The Fifth Circuit Court of Appeals recently reversed a federal Texas court’s order granting summary judgment in favor of the insured, holding that its “deductible buyback policy” was a “named perils” policy that did not provide coverage in relation to the insured’s flood-related damage sustained by a commercial building during Hurricane Harvey.
The insured’s primary “all-risks” policy, which provided insurance for several of the insured’s properties, had a high deductible that would need to be paid by the insured in the event of a covered claim. In an attempt to minimize the insured’s potential out-of-pocket expenses in such an event, the insurer issued a “deductible buyback policy” that would provide insurance for all or part of the primary policy’s deductible for covered claims involving wind or hail.

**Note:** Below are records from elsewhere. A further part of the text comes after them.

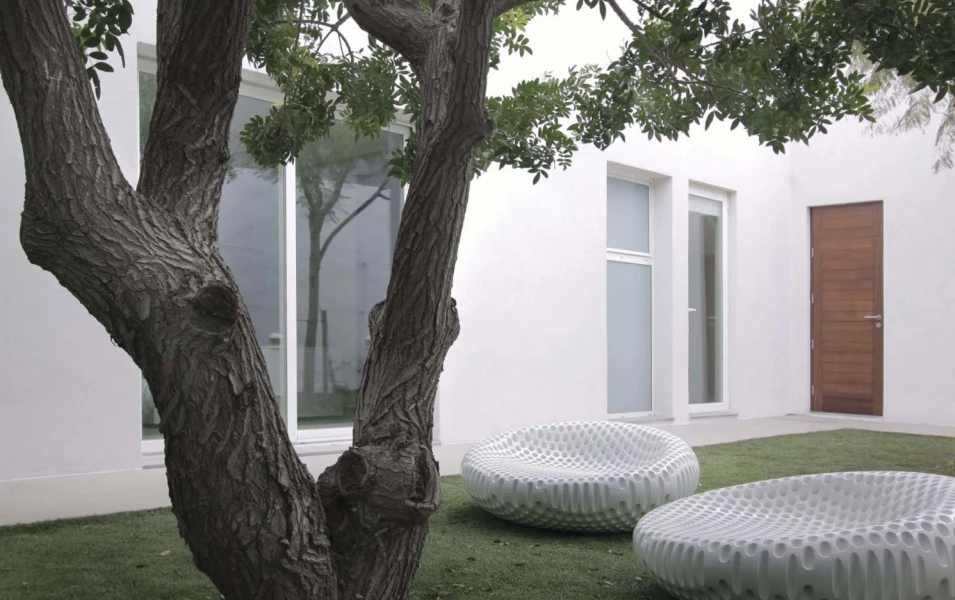 In the living room, the black lacquered Modern sideboard on “Anello” feet offers a continuous support base and a capacious storage space, in the same way as the white Modern sideboard in the dining room. In the kitchen, white lacquered Spindle stools surround the suspended stovetop, while the garden is enlivened by Truffle armchairs in thermoplastic material, informal and highly versatile, perfect for outdoors.
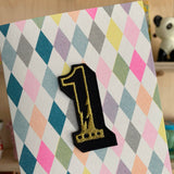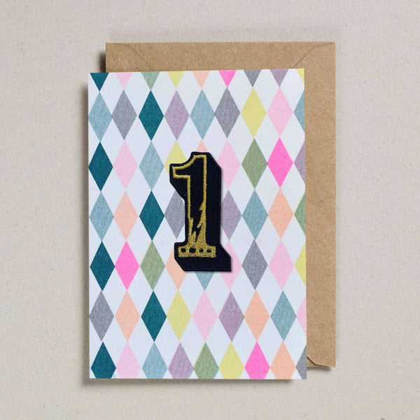 Risograph printed card embellished with an embroidered iron on fabric '1' patch that can be removed and ironed onto clothing.
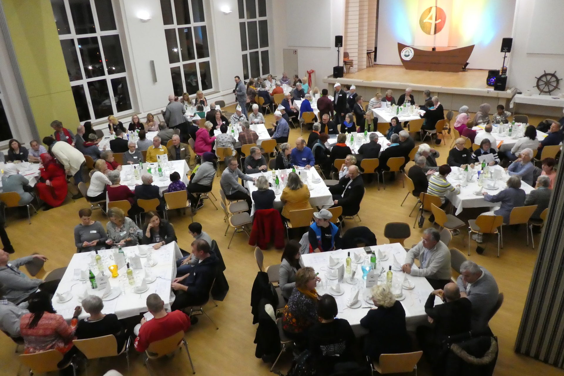 Spielerisch begann die Kreuzfahrt. Oberbürgermeister Frank Klingebiel und Landesbischof Dr. Christof Meyns machten bei dem Frage- und Antwort-Spiel deutlich, wie gut die Zusammenarbeit zwischen Stadt und Kirche sei. Mit dem Projekt „Arche 4“ habe man Neuland betreten. Manche Hürde musste genommen werden. Das Ergebnis sei erfolgreich. Das bestätigten auch die Gäste, die sich mit den Ehrengästen und Beiratsmitgliedern über das erste Jahr der Erkundungsfahrt der „Arche 4“ ins Gespräch kamen.

While both policies were in effect, Hurricane Harvey made landfall in August 2017, causing Buffalo Bayou to overflow its banks, leading to water flowing onto one of the insured’s properties. The insured submitted a claim under the primary policy, which paid out millions of dollars for physical loss or damage in excess of the deductible, which prompted the insured to file a claim under the insurer’s deductible buyback policy. During the investigation of the claim, an independent adjuster confirmed that there was no reported wind or hail damage to the property. As a result, the insurer filed a declaratory judgment action that sought a declaration that the policy did not apply to the alleged loss sustained.
After litigation ensued, the federal magistrate judge issued a memorandum and recommendation in favor of granting the insured’s motion for summary judgment, which the district court adopted in full. The insurer then timely appealed the decision to the Fifth Circuit. Prior to providing its analysis, the Fifth Circuit noted in its opinion that both parties agreed that the policy was unambiguous. “Namely, they contend that the phrase ‘Perils Covered: Windstorm or Hail associated with a Named Storm’ has only one reasonable interpretation. Naturally, both parties contend that the only reasonable interpretation cuts their way.”

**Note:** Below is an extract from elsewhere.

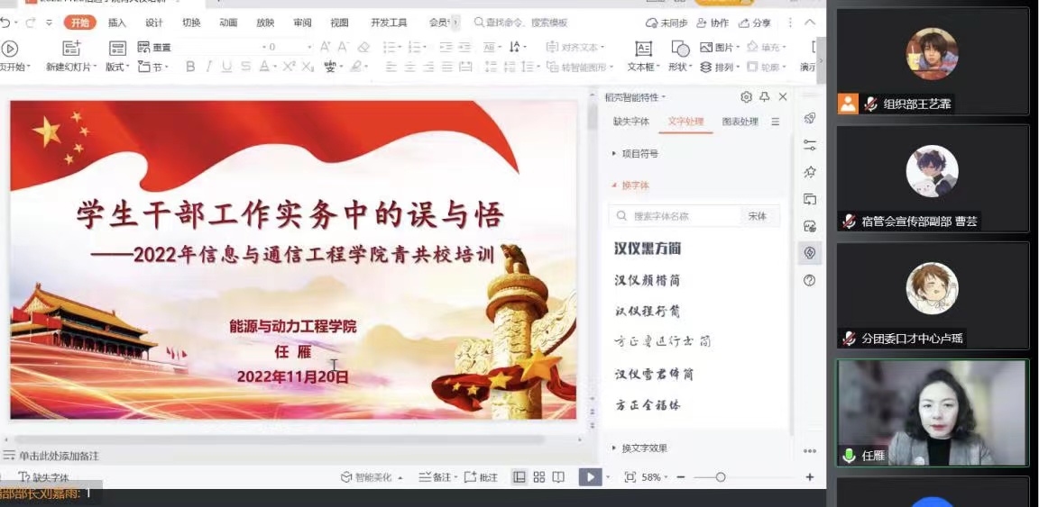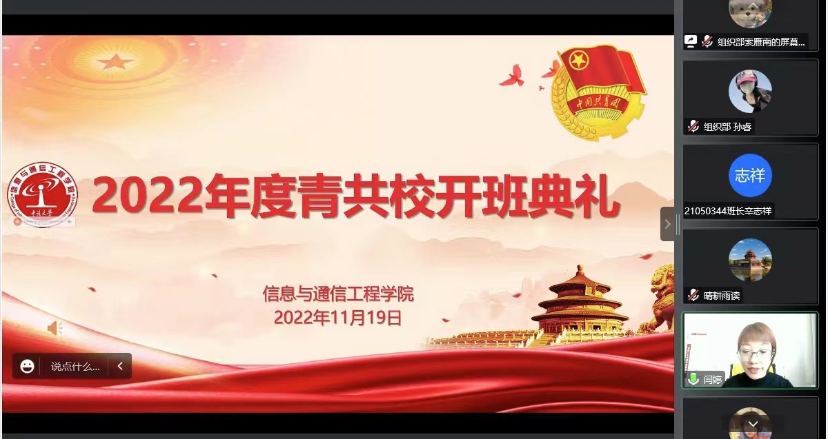 利用腾讯会议平台成功举办第十七期青共校培训班。学院党委书记曹凤才、党委副书记兼副院长魏媛媛、院团委老师王彪出席了开班典礼。典礼由院团委书记闫婷主持,金沙

Then, the Fifth Circuit took note that not all perils associated with a named storm were covered under the policy, whereby rendering the deductible buyback policy a “named perils” policy rather than an “all-risks” policy. Further, the court stated that the policy carefully defined what perils it covered (windstorm or hail) and that all other perils could be understood to be excluded based on the text of the policy. To reach this determination, the Fifth Circuit distinguished the instant matter from Pan Am Equities Inc. v. Lexington Insurance Co., 959 F.3d 671 (5th Cir. 2020), which the insured cited in support of its proposition that, under Fifth Circuit law, Hurricane Harvey was a “windstorm” and therefore the policy covered all perils associated with it.
The Fifth Circuit held that the policy would not have specified “windstorm” and “hail” as specific and separate perils when those perils could be associated with a number of weather events other than a “named storm.” The court held that in Pan Am, the “named storm provision” was very different from the policy at issue, where it had broadened, rather than constricted, what perils associated with a “named storm” were covered. Accordingly, the Fifth Circuit held that the instant policy did not cover the flood damage the insured’s property sustained by Hurricane Harvey.